◆ Information shown ◆

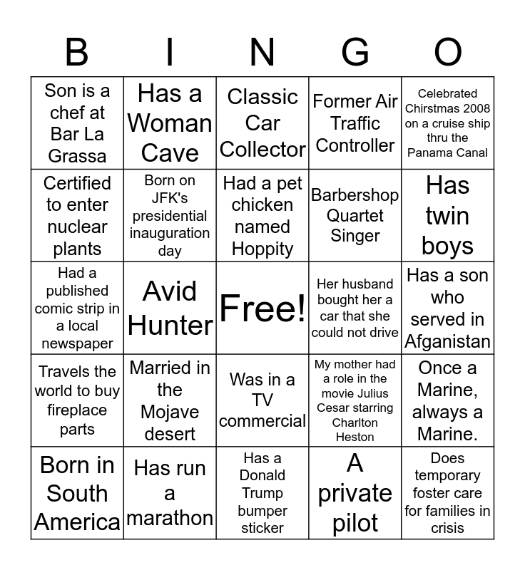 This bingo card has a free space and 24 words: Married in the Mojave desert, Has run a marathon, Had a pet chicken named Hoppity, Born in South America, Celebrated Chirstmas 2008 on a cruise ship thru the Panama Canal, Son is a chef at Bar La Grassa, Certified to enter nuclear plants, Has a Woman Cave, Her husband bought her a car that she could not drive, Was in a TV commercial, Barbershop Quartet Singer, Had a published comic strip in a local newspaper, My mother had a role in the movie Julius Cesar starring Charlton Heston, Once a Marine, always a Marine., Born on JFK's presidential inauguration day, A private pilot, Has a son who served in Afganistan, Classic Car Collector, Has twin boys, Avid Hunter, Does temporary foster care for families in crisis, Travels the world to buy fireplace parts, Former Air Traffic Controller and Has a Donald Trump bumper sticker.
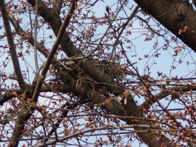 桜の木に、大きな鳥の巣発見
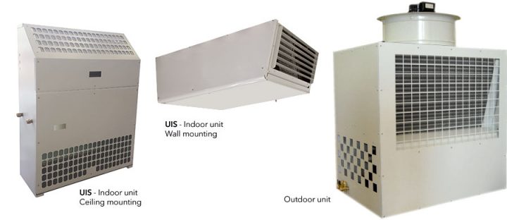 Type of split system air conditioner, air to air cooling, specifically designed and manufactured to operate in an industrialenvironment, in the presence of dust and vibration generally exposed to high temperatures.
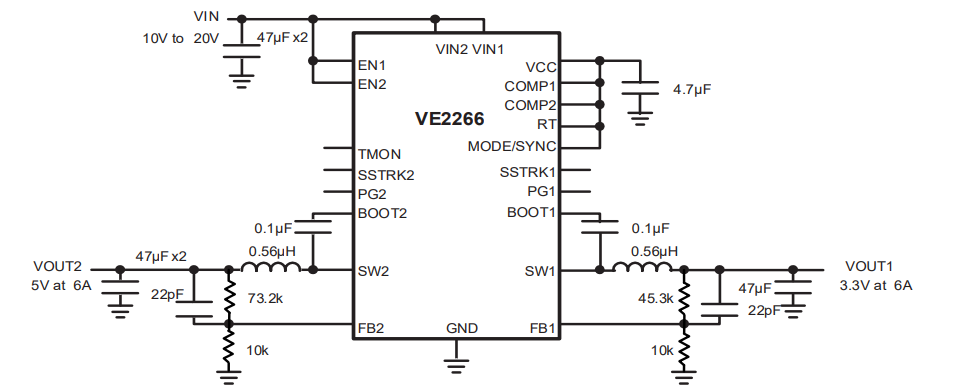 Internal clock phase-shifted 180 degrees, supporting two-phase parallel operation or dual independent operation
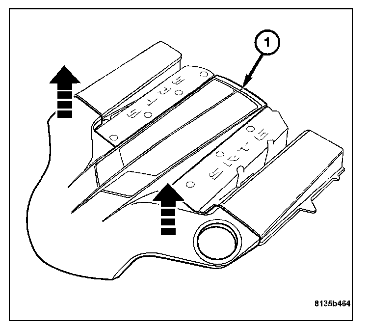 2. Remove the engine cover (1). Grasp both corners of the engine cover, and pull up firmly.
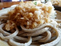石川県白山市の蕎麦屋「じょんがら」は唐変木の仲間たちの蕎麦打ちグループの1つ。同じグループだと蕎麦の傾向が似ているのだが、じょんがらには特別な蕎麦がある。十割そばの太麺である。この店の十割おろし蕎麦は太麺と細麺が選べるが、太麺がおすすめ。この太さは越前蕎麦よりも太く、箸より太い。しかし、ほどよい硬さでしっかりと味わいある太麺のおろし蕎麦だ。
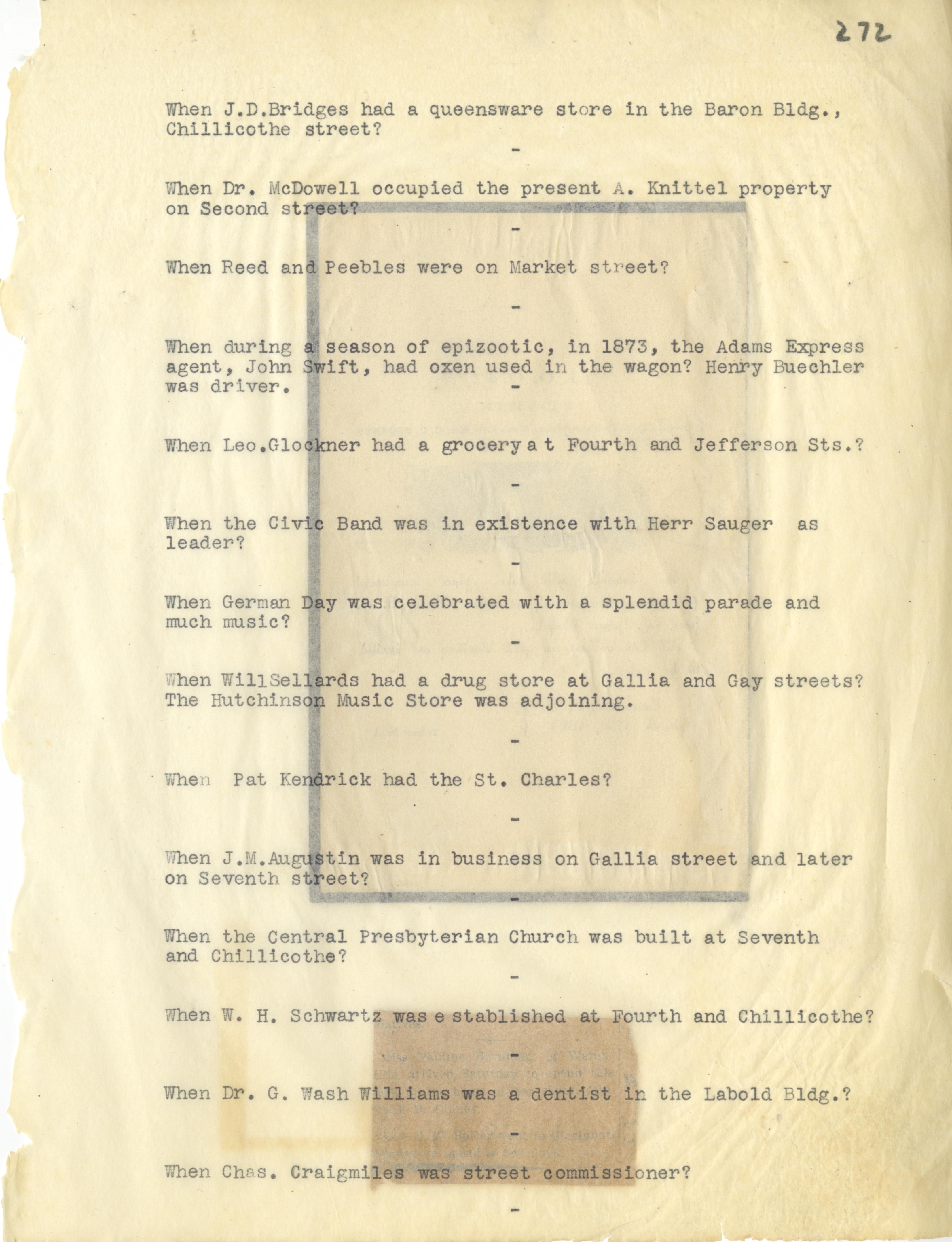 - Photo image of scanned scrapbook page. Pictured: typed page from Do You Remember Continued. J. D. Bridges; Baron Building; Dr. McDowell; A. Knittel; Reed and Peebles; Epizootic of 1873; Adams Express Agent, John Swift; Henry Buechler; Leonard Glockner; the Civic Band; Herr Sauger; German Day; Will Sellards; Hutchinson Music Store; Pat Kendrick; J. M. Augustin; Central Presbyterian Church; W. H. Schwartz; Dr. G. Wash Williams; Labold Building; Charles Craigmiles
...
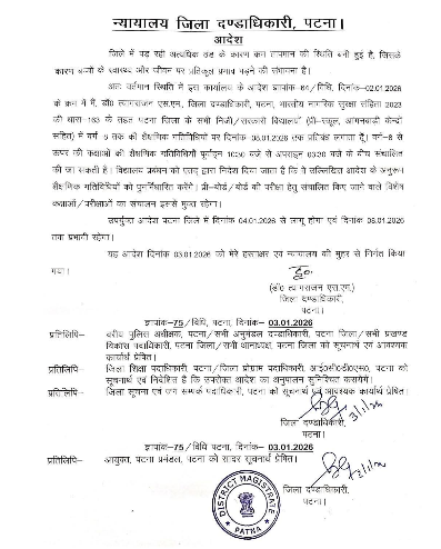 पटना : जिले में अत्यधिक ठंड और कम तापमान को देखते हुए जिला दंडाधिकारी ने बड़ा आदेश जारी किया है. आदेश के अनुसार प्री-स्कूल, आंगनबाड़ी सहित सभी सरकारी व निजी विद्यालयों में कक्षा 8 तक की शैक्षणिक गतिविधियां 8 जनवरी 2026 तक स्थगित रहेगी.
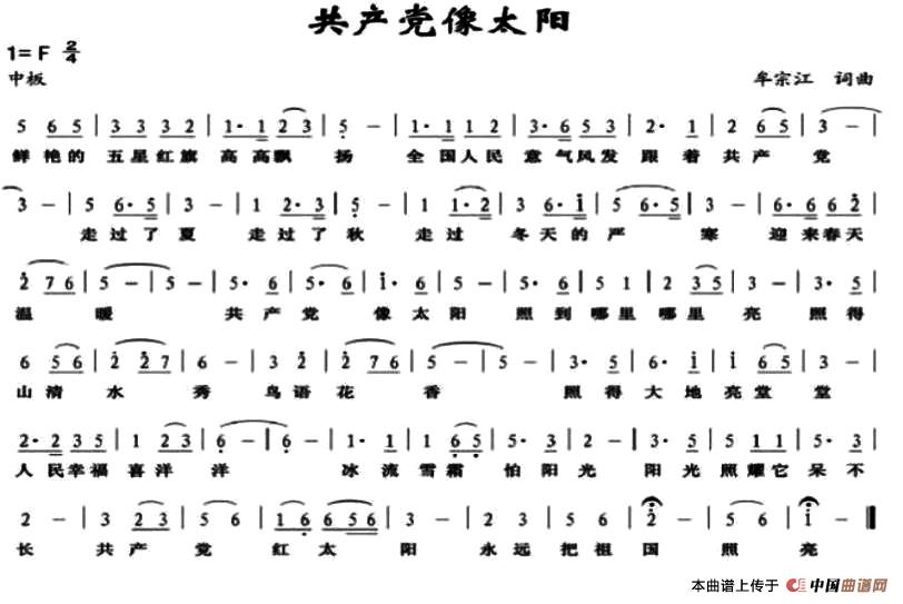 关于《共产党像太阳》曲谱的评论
* * *
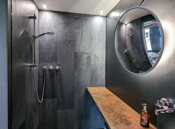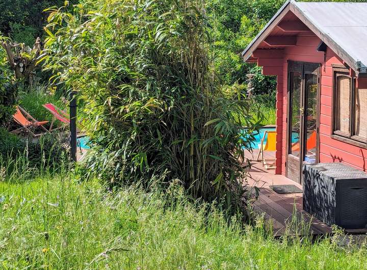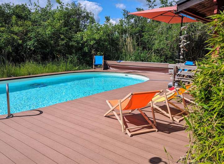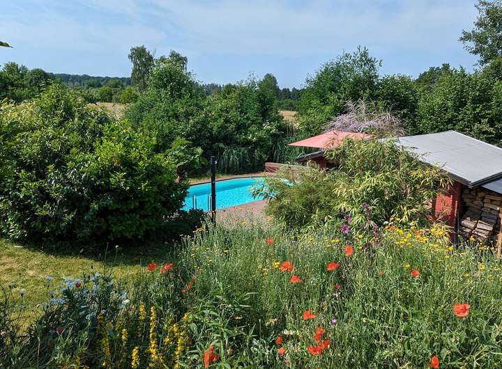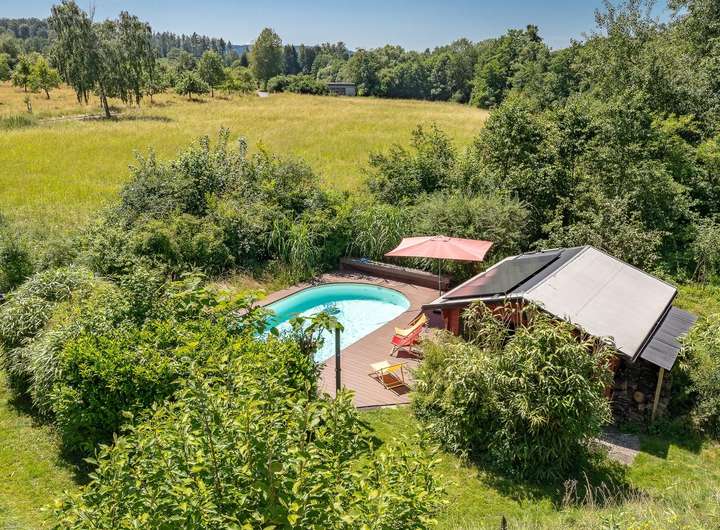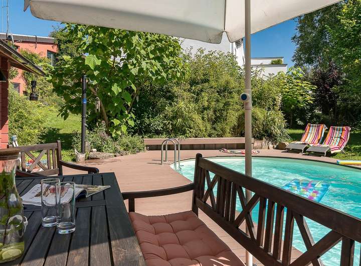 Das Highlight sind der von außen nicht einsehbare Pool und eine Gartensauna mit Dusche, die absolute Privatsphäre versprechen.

◆ Exercise prompt ◆
Look above and copy only the lines from the one holding "桜の木に、大きな鳥の巣発見" to the one holding "- Photo image", both included, exactly, minus the pictures.

◆ Task result ◆
 桜の木に、大きな鳥の巣発見
 Type of split system air conditioner, air to air cooling, specifically designed and manufactured to operate in an industrialenvironment, in the presence of dust and vibration generally exposed to high temperatures.
 Internal clock phase-shifted 180 degrees, supporting two-phase parallel operation or dual independent operation
 2. Remove the engine cover (1). Grasp both corners of the engine cover, and pull up firmly.
石川県白山市の蕎麦屋「じょんがら」は唐変木の仲間たちの蕎麦打ちグループの1つ。同じグループだと蕎麦の傾向が似ているのだが、じょんがらには特別な蕎麦がある。十割そばの太麺である。この店の十割おろし蕎麦は太麺と細麺が選べるが、太麺がおすすめ。この太さは越前蕎麦よりも太く、箸より太い。しかし、ほどよい硬さでしっかりと味わいある太麺のおろし蕎麦だ。
 - Photo image of scanned scrapbook page. Pictured: typed page from Do You Remember Continued. J. D. Bridges; Baron Building; Dr. McDowell; A. Knittel; Reed and Peebles; Epizootic of 1873; Adams Express Agent, John Swift; Henry Buechler; Leonard Glockner; the Civic Band; Herr Sauger; German Day; Will Sellards; Hutchinson Music Store; Pat Kendrick; J. M. Augustin; Central Presbyterian Church; W. H. Schwartz; Dr. G. Wash Williams; Labold Building; Charles Craigmiles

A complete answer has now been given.